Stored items
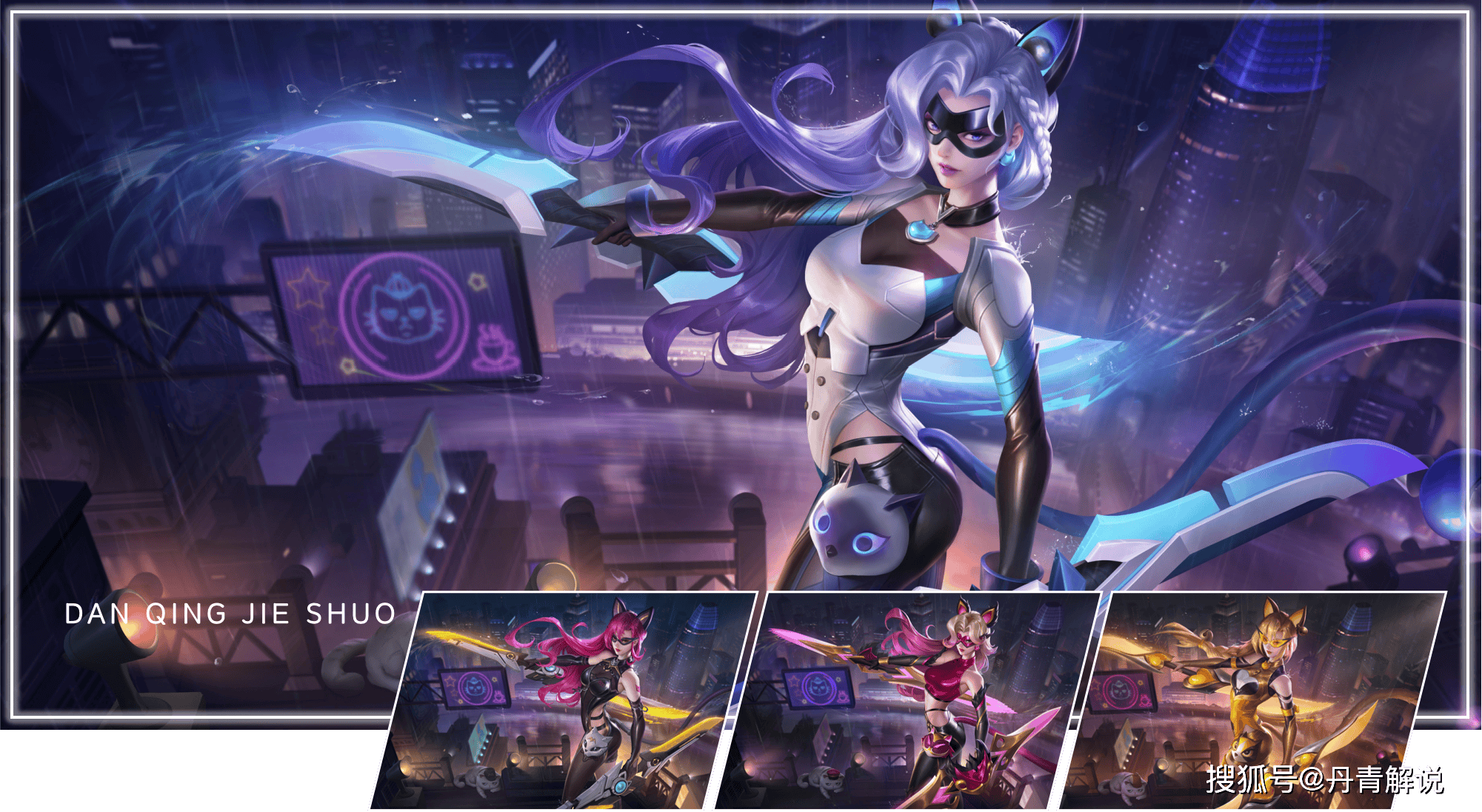 现款暗夜猫娘,除了特工的职业设定之外,还有一种“猫女王”的即视感,普攻双刺附带荧光效果,位移出现了猫扑虚影,大招伴有月亮和黑猫贴图,隐身时还有跑、扑和落地三种猫的动作形态,细节之处颇多。
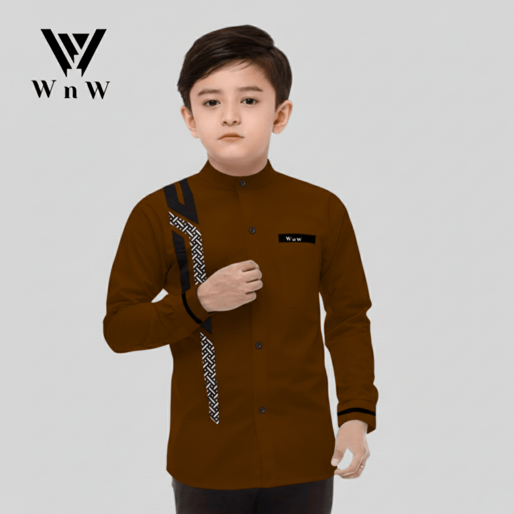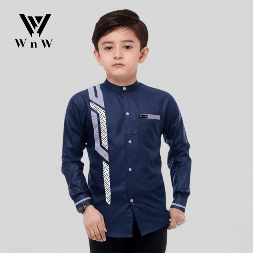 Baju Koko Anak Laki Laki Lengan Panjang Motif Sinergi Katun Premium
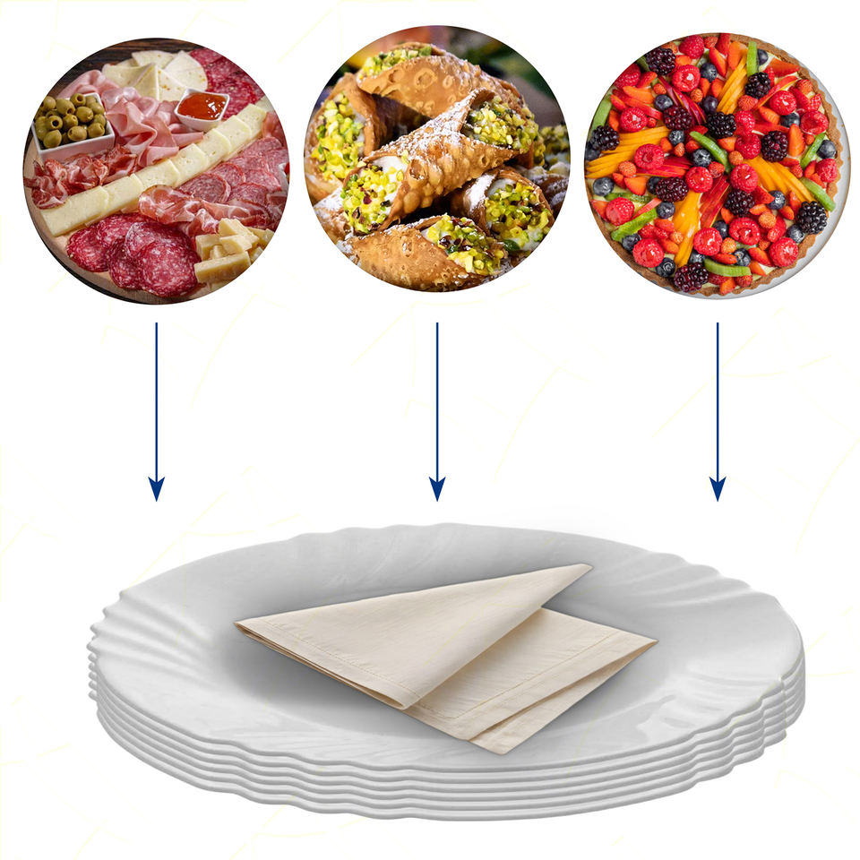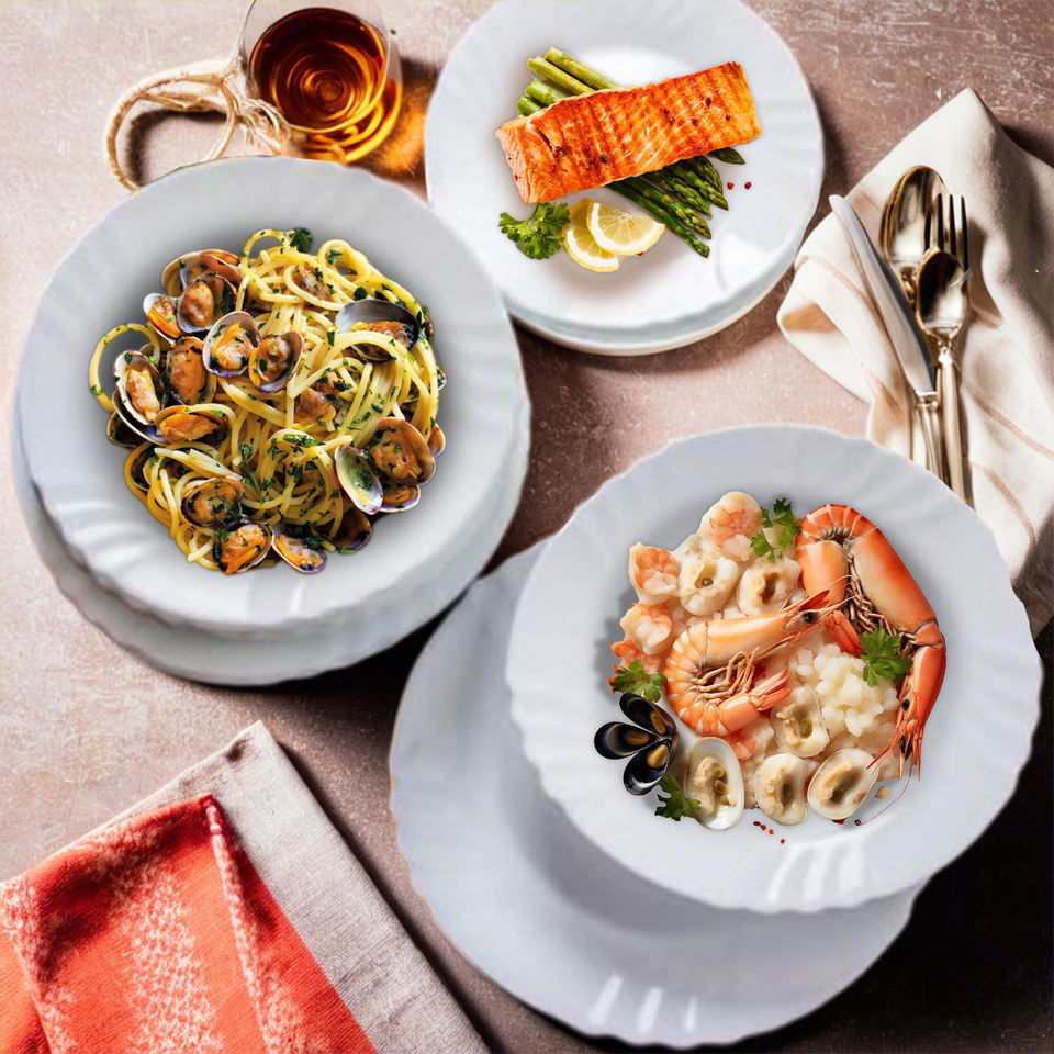 Ebro 6Pcs White Tempered Opal Glass Fruit Plate dia.20Cm With Edge Decoration For Appetizers Second Courses Side Dishes
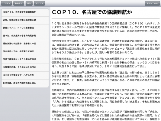 日本で唯一の環境・CSRのビジネス情報誌「オルタナ」を発行する株式会社オルタナ(東京都渋谷区、代表取締役 森 摂)は、 農漁業専門のITベンチャーであるフウド株式会社(東京都町田市、代表取締役 齋藤 悠)と共同で、iPadアプリ「オルタナApp」をリリースしました。今月29日まで名古屋市で開催されている生物多様性条約第10回締約国会議(COP10)に絡んで組まれた生物多様性特集号の全誌面を読めるとともに、環境・CSRに関係する編集部発の最新ニュースも閲覧できます。
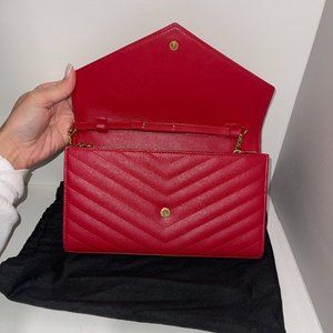 COPY - Saint Laurent Monogram Large Grain de Poudre Calfskin Wallet on Chain - …
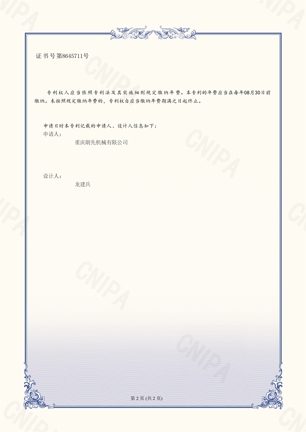 刻槽钻杆-外观设计专利证书-2
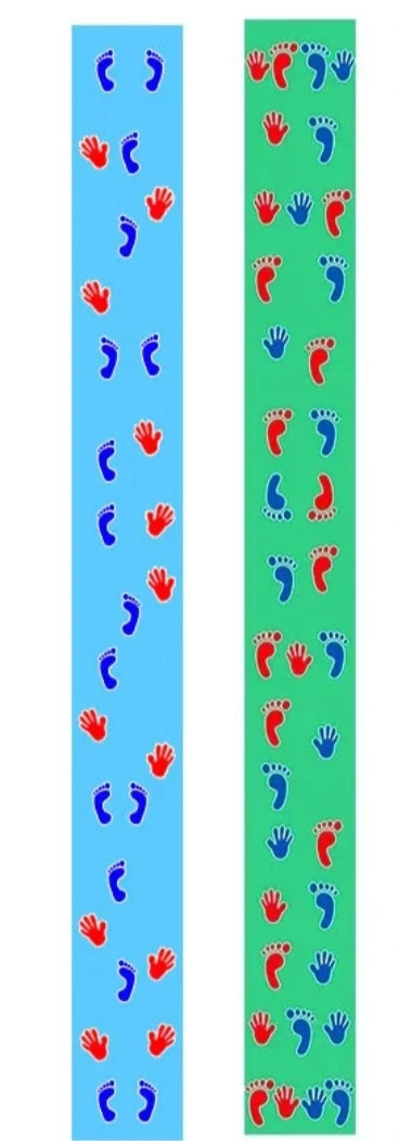 - Két kb. 6 méter hosszú, talajra teríthető kéz- és lábnyom mintás pálya, amelyen a gyerekeknek meghatározott sorrendben kell lépniük és támaszkodniuk. 5–12 éves korosztálynak ajánlott, beltéri és kültéri használatra egyaránt. Kiválóan fejleszti a teljes test koordinációját, a térérzékelést, a figyelemkoncentrációt és a jobb–bal irányok felismerését.
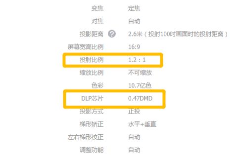 这个参数关系到空间大小,记住一点就行,参数越小越方便,数值比例越小,在一定距离里,就能投放出越大尺寸的画面。无论是在餐厅、客厅、卧室,都能随时随地投放,不受空间的局限。我买的这款,投射比为1.2:1,,60寸的投放画面,只需要约1.5m的距离就可以了,完全不受限。
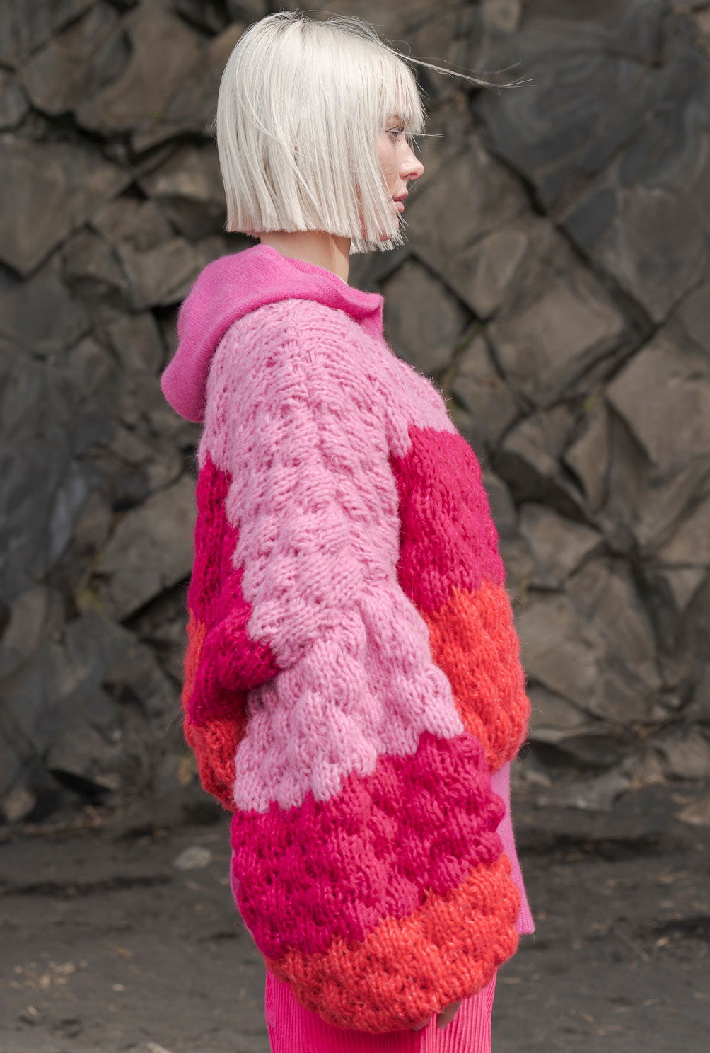 Verena Stricktrends Dreifarbiger Pulli mit Keulenärmeln
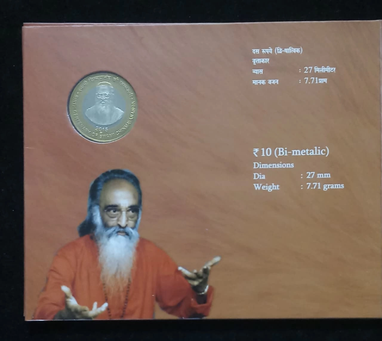 10 Rupee Coin Set of Birth Centenary of Swami Chinmayananda Single Coin Set of Hyderabad Mint

Task prompt: Retyped exactly, the lines from the one holding "刻槽钻杆-外观设计专利证书-2" through the last line of the data above are the whole answer. Pictures stay out.

Exercise response:
 刻槽钻杆-外观设计专利证书-2
 - Két kb. 6 méter hosszú, talajra teríthető kéz- és lábnyom mintás pálya, amelyen a gyerekeknek meghatározott sorrendben kell lépniük és támaszkodniuk. 5–12 éves korosztálynak ajánlott, beltéri és kültéri használatra egyaránt. Kiválóan fejleszti a teljes test koordinációját, a térérzékelést, a figyelemkoncentrációt és a jobb–bal irányok felismerését.
 这个参数关系到空间大小,记住一点就行,参数越小越方便,数值比例越小,在一定距离里,就能投放出越大尺寸的画面。无论是在餐厅、客厅、卧室,都能随时随地投放,不受空间的局限。我买的这款,投射比为1.2:1,,60寸的投放画面,只需要约1.5m的距离就可以了,完全不受限。
 Verena Stricktrends Dreifarbiger Pulli mit Keulenärmeln
 10 Rupee Coin Set of Birth Centenary of Swami Chinmayananda Single Coin Set of Hyderabad Mint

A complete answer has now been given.